# Is there anyone know this Colnago steel frame



## raobing (May 28, 2005)

This frame I found from GuangZhou in China.
the boss told me this frame's class is higher than Master,the price is also higher than Master,it's about 1.5 times high.
But the boss does not know the exactly style,and I never saw this kind of this Colnago,
The boss confirm this frame was made by 2003. and it's seem for an professional event.
So,is there any one could tell me some details of this frame?
thanks in advance.


----------



## raobing (May 28, 2005)

*pic*

pics pls see the link
http://www.bluebike.cn/prodshow.asp?ProdId=NO694


----------



## 6was9 (Jan 28, 2004)

raobing said:


> pics pls see the link
> http://www.bluebike.cn/prodshow.asp?ProdId=NO694


Looks like a MXL w/ steel fork to me...


----------



## Squeegy200 (Dec 1, 2005)

That looks like a Master X-light and Precisa Steel fork. The paint job resembles the 2004 LX24 paint scheme


----------



## atpjunkie (Mar 23, 2002)

*careful*

I have a friend in the Secret Service stationed in Guam. He mostly deals with counterfeit money and products. he says there are and have been fake Nags coming out of china for quite some time. he actually wound up with one in a confiscation. had the mapei scheme if I remember correctly and looked quite genuine


----------



## brewster (Jun 15, 2004)

I don't doubt that for a second. In the vintage BMX world, there have been many sightings and some unhappy bidders on some SE P.K. Rippers and SE Landing Gear fork copies pawned off as originals are more prevelant than the real thing.


----------



## Bocephus Jones II (Oct 7, 2004)

atpjunkie said:


> I have a friend in the Secret Service stationed in Guam. He mostly deals with counterfeit money and products. he says there are and have been fake Nags coming out of china for quite some time. he actually wound up with one in a confiscation. had the mapei scheme if I remember correctly and looked quite genuine


I'm doubting they would have bothered with all the chrome and the gilco fluted tubing though for a fake. it looks genuine from the pix...if it's a fake it's a convincing one. the lugs also have the colnago club in them as they should. a faker probably wouldn't bother with that kind of detail. can't see the BB shell, but it should have a club cutout on it as well. Looks like a MXL to me.


----------



## Squeegy200 (Dec 1, 2005)

One of my college buddies got his internship working for a toy manufacturer.
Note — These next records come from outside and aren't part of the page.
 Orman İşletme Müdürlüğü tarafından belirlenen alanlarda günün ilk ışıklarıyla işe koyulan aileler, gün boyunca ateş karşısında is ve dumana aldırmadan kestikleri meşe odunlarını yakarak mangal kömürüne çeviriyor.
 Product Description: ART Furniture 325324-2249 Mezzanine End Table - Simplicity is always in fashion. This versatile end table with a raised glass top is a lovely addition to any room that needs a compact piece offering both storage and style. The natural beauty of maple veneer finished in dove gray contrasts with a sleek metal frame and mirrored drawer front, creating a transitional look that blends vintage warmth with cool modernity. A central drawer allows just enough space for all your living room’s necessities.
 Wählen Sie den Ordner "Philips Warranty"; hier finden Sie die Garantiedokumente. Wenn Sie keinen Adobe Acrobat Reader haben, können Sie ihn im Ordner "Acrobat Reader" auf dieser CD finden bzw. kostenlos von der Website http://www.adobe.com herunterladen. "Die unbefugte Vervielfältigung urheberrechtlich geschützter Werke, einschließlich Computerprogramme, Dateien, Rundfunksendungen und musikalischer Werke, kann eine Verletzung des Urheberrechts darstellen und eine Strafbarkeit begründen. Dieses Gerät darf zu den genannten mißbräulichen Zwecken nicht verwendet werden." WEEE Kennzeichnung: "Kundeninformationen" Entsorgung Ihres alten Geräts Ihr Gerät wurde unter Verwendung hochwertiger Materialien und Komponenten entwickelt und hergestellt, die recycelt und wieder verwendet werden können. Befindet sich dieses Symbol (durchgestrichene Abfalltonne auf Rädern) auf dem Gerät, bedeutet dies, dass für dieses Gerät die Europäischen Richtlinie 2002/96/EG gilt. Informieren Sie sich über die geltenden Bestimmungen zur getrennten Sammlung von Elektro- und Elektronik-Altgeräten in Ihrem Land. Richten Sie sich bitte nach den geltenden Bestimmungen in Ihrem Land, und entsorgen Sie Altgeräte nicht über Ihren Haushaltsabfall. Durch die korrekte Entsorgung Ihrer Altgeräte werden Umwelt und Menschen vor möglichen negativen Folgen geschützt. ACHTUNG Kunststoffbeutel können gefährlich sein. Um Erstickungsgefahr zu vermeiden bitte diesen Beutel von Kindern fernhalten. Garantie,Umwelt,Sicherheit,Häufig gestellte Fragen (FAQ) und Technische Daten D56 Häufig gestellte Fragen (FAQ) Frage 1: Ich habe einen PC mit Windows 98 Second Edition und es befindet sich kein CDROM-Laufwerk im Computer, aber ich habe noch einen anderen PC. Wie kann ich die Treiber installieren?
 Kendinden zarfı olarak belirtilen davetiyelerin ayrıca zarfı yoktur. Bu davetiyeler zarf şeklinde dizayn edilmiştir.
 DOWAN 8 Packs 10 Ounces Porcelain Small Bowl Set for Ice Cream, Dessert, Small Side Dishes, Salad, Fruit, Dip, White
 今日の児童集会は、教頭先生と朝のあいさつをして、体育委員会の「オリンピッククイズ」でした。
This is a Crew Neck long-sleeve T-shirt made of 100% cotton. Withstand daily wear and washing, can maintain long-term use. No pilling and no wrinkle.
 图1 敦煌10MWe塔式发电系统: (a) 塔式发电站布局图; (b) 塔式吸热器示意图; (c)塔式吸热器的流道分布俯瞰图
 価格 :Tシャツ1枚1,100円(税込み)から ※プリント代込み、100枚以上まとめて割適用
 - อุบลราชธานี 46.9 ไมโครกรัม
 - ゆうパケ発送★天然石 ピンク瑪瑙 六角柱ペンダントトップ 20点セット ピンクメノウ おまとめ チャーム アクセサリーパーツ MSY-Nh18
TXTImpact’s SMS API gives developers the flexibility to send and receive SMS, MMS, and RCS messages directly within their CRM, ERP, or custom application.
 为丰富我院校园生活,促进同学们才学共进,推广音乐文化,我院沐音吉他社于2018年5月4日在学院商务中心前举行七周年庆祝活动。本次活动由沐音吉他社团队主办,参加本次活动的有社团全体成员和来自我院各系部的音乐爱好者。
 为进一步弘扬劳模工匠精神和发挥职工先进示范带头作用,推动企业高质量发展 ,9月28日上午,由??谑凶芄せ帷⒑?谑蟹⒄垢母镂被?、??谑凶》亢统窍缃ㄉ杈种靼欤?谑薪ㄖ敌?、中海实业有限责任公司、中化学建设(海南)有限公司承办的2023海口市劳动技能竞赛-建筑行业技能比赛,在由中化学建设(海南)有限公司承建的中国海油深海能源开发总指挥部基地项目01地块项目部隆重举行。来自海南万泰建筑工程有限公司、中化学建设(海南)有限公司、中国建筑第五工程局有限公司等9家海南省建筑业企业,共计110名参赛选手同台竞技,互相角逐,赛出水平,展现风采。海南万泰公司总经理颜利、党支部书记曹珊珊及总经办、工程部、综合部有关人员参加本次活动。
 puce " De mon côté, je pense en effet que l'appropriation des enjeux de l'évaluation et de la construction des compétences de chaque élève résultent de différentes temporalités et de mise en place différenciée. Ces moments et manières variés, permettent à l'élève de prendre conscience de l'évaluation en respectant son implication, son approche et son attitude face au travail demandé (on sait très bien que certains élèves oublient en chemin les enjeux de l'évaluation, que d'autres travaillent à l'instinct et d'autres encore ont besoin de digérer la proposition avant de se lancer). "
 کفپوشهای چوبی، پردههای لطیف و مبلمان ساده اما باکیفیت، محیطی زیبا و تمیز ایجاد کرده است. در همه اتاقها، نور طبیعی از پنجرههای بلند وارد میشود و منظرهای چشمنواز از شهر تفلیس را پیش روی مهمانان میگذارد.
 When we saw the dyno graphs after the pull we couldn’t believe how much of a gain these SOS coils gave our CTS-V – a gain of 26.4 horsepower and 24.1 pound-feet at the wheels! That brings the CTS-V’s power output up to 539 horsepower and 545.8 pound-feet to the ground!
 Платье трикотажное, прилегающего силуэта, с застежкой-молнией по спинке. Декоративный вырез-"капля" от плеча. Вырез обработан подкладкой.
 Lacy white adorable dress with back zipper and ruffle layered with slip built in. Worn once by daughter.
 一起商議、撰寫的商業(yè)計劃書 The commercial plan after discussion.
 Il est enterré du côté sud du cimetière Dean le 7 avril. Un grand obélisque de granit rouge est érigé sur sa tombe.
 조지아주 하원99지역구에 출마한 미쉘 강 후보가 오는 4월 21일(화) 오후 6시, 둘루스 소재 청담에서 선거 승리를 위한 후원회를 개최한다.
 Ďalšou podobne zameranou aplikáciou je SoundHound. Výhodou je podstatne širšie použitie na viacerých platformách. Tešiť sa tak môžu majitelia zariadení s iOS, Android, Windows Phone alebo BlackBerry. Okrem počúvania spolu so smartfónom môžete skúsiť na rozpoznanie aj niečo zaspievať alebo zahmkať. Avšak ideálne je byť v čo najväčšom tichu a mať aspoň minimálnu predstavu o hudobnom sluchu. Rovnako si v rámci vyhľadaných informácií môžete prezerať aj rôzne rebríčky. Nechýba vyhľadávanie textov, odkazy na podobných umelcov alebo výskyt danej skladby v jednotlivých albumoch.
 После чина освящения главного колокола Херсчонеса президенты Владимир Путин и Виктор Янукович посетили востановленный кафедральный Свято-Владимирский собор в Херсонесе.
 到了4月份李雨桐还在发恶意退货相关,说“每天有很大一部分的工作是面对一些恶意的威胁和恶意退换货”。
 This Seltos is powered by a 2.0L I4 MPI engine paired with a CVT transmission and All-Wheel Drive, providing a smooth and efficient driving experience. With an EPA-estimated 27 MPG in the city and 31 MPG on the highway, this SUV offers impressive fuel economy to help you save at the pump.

At the time, they had created an electonic Teddy bear which was somewhat interactive. 

They had focus groups and marketing research to determine ideal colors, clothing, accessories etc.

Two months before its launch, they discovered identical copies of this bear coming out of a factory in Taiwan. It had the same selection of clothing and accessories and was released for sale in the orient ahead of the projected launch date here in the United States. 

The level of industrial espionage in something as innocent as the toy industry was surprising. But something as easily manufactured as an already available bike frame I would assume would be just as easy to counterfeit.


----------



## atpjunkie (Mar 23, 2002)

*well aware*



brewster said:


> I don't doubt that for a second. In the vintage BMX world, there have been many sightings and some unhappy bidders on some SE P.K. Rippers and SE Landing Gear fork copies pawned off as originals are more prevelant than the real thing.


guy I work with is big time OSBMX. He sold a faux set of LG Forks as 'faux' and guy resold them as real. what a [email protected]@rd. you should see his collection of OSBMX's though schweeet! though he sold the 26" OMFlyer I was lusting after.


----------